Mosquito-borne diseases such as malaria, dengue and yellow fever kill several million people every year and sicken hundreds of millions more.
Scientists have been working for years to stop these lethal diseases by either eliminating the disease-carrying mosquitoes or reducing the risk of the bug’s infectious bites.
Researchers know that only female mosquitoes feed on blood; they spread diseases by first obtaining a meal from an infected person and later biting an uninfected person.
A number of theories have been offered over the years as to how these mosquitoes find human hosts to bite and spread disease.
One vital clue that scientists are considering is that the mosquitoes use exhaled carbon dioxide as a way of zeroing in on their targets. If that’s so, disrupting the carbon dioxide detection machinery of mosquitoes could halt the spread of diseases they transmit.

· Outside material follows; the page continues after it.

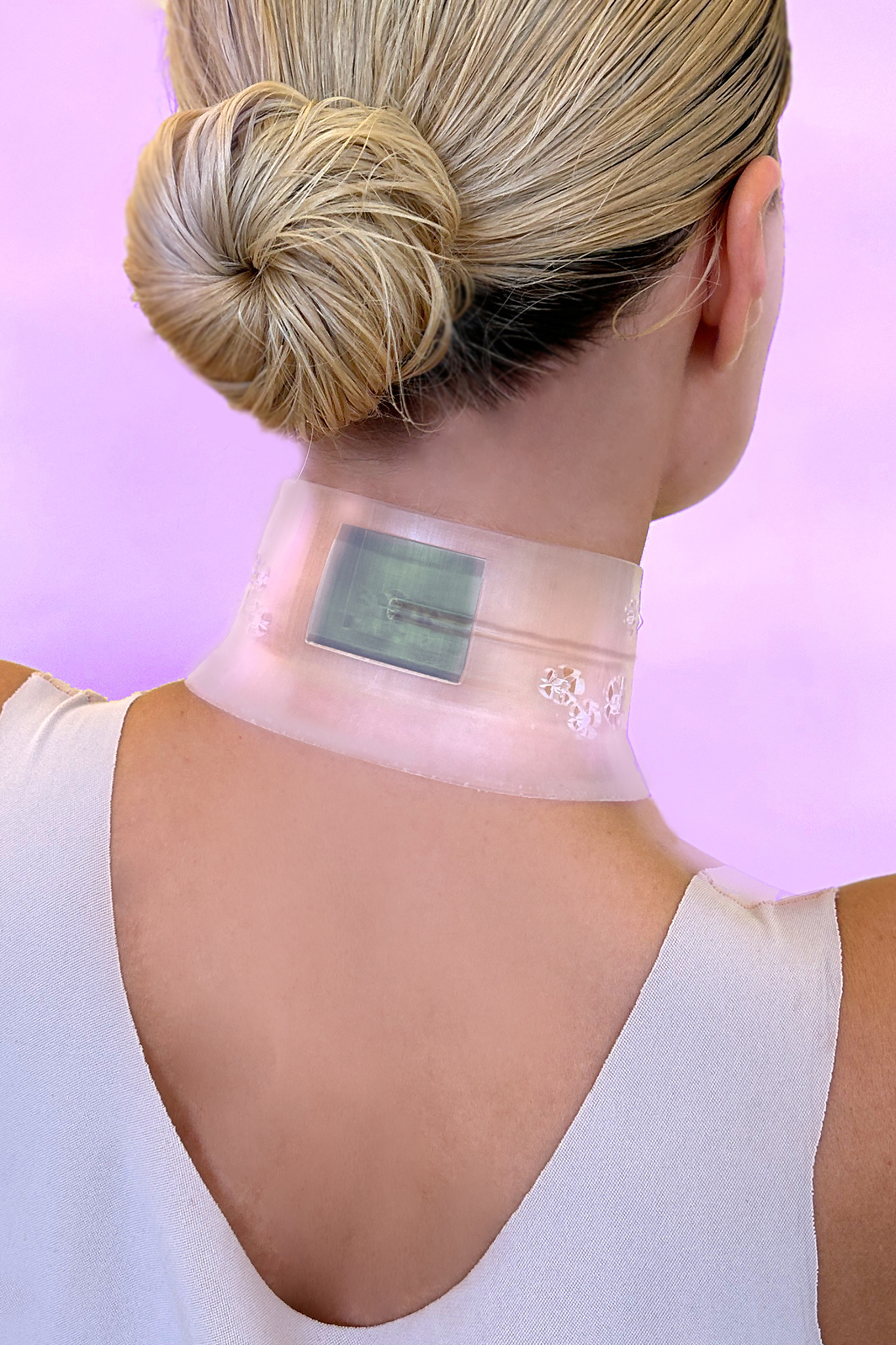 The process of customization for SUNCARE remains centered on the user’s unique anatomy. Through advanced 3D scanning technology, the wearable is tailored to fit the individual’s neck contours, ensuring both comfort and efficacy. The solar cell brooch adds an extra layer of personalization, allowing users to express their style preferences while contributing to the wearable’s functionality.

In a the recent issue of Nature, a team of scientists led by Anandasankar Ray, assistant professor of entomology at the University of California Riverside, says it has identified three classes of odor molecules that can severely damage, if not completely disrupt, the mosquitoes’ ability to detect carbon dioxide.
The mosquitoes’ carbon dioxide receptors are located in tiny, antennae-like appendages called maxillary palps which are close to the mouths of the mosquitoes.
With these receptors, mosquitoes are extremely sensitive to even the smallest changes in carbon dioxide concentrations, sensing the carbon dioxide in our breath from long distances.
Once they come near a plume of carbon dioxide plume, the mosquitoes orient themselves and fly upwind, eventually targeting in on us.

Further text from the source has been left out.